Januar - was ist los bei mir?

Hallo, Ihr Lieben! Ich hoffe, Ihr seid gut ins neue Jahr gerutscht. Bei uns war es nach Liverpool einige Tage ziemlich ruhig. Dann kam der große 'Bang' und mit einem Schlag war unser halbes Haus ohne Elektrizität. Nun sind die englischen Häuser sicherungstechnisch anders geschaltet, da steckt ein anderer Denkprozess (als z.B. in Deutschland üblich) dahinter. So sind in unserem Haus (aus den 'Swinging Sixties') z. B. alle Steckdosen auf einen Ring geschaltet, dieser Ring hat schlapp gemacht. Die Deckenbeleuchtung hingegen ging in jedem Raum.... auch die Wasseraufbereitung war kein Problem, die Heizung war allerdings aus. Der eilig zur Hilfe gerufene Elektriker diagnostizierte 'Kabelbrand'. Am vergangenen Samstag begann dann die Fehlersuche. Man kann es sich vielleicht vorstellen, ein Haus, gebaut 1965, diverse Besitzer, die neue Küchen, Heizungen und Bad eingebaut haben, da wurde einiges verändert über die Jahre....
Teppichboden und Underlay auf der Treppe wurden hochgenommen - freigelegt wurde eine schöne Holztreppe - vielleicht kann man daraus eine 'Feature' machen?

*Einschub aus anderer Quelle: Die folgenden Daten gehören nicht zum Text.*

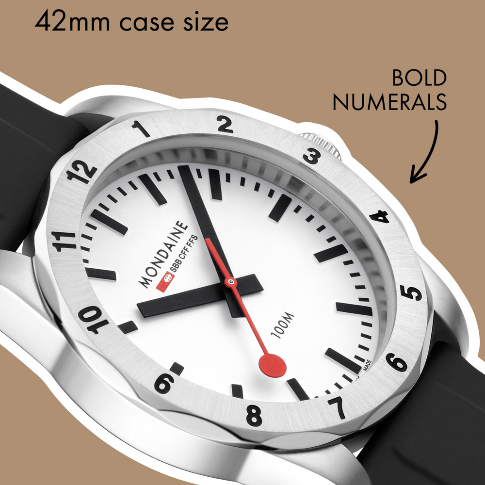 錶殼設計採取正面髮絲紋與側面拋光的兩種手法處理,兼具現代感與高級質感,適合日常與正式場合穿搭。面盤提供經典的黑、白兩種選擇,並分別搭配 MONDAINE 專利的BackLight(白面款)與 Super-LumiNova®(黑面款)夜光技術,前者將夜光塗料施於指針背面,後者則塗佈於正面,確保不同光線下均能清晰判讀時間。

Die Teppichböden wurden aufgenommen, die Fussbodendielen durchsägt, und das fast in jedem Raum.... tief durchatmen war die Devise. Der Fehler wurde - nach Stunden - und bevor die Bodenfliesen im Bad rausgehackt werden mussten - nachdem ein Küchenoberschrank abgehängt wurde, endlich gefunden und eine 'Umleitung' wurde gebastelt. Leider funktionieren jetzt Abluft und Steckdose fürs Bad noch nicht, das sie in der Umleitung liegen, aber dieses kleine Problemchen beheben wir sicher auch noch....




  
Der Elektriker kommt am Wochenende wieder, dann werden nämlich noch die elektrischen Heizkörper - die kommen übrigens von hier - einzeln abgesichert, also wieder alles hochnehmen etc. aber da bin ich sowas von 'CALM'. Werde mich vielleicht durch ein bisschen SALE Shopping ablenken?
Dann ist Schwiegermutter zweimal gefallen, zum Glück ist nichts gebrochen, aber sie hat sich Beine und Ellenbogen ziemlich abgeschürft und durch häufiges Baden der Wunden (This is how we always did it!) hat sich ein Bein nun entzündet und erfordert dauernde Besuche in der Arztpraxis sowie Antibiotika.... hoffen wir das Beste. Weiteres Baden der Wunden wurde ihr untersagt, aber daran wird sie sich nicht halten, das hat sie bereits kundgetan, schliesslich 'haben wir das immer so gemacht!'
Und was mache ich in dem ganzen Chaos? Diät, was sonst! Wer es auch einmal versuchen will, ich halte mich an kein Programm, denn das funktioniert bei mir sowieso nicht. Ich habe mir lediglich die APP FitnessPal runtergeladen und das fluppt. Ich esse, was ich will - ist manchmal ein bisschen einseitig - daher nicht wirklich 'blogfähig', aber die permanente Dokumentation der vertilgten Nahrungsmittel etc wirkt. Das Gewicht fällt und ich werde in einem nächsten Post ausführlicher berichten. 
Also, dies ist erst einmal ein Zwischenbericht. Seid herzlich gegrüßt und schaut wieder vorbei!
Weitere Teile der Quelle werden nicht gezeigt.